START INPUT RECORDS

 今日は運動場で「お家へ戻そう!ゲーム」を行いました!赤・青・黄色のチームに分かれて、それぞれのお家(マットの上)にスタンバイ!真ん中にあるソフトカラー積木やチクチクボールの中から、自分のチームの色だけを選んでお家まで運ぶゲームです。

END INPUT RECORDS
START INPUT RECORDS

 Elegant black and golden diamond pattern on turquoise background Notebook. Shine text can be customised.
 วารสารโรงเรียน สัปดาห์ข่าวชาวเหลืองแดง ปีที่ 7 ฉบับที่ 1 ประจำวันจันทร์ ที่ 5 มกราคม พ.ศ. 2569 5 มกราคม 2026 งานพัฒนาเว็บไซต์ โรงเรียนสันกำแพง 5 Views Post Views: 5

END INPUT RECORDS

THE PROBLEM >> From the data above, return every line from the line that has "Elegant black and" up to and including the line that has "วารสารโรงเรียน สัปดาห์ข่าวชาวเหลืองแดง ปีที่", exactly.

TASK RESULT >>
 Elegant black and golden diamond pattern on turquoise background Notebook. Shine text can be customised.
 วารสารโรงเรียน สัปดาห์ข่าวชาวเหลืองแดง ปีที่ 7 ฉบับที่ 1 ประจำวันจันทร์ ที่ 5 มกราคม พ.ศ. 2569 5 มกราคม 2026 งานพัฒนาเว็บไซต์ โรงเรียนสันกำแพง 5 Views Post Views: 5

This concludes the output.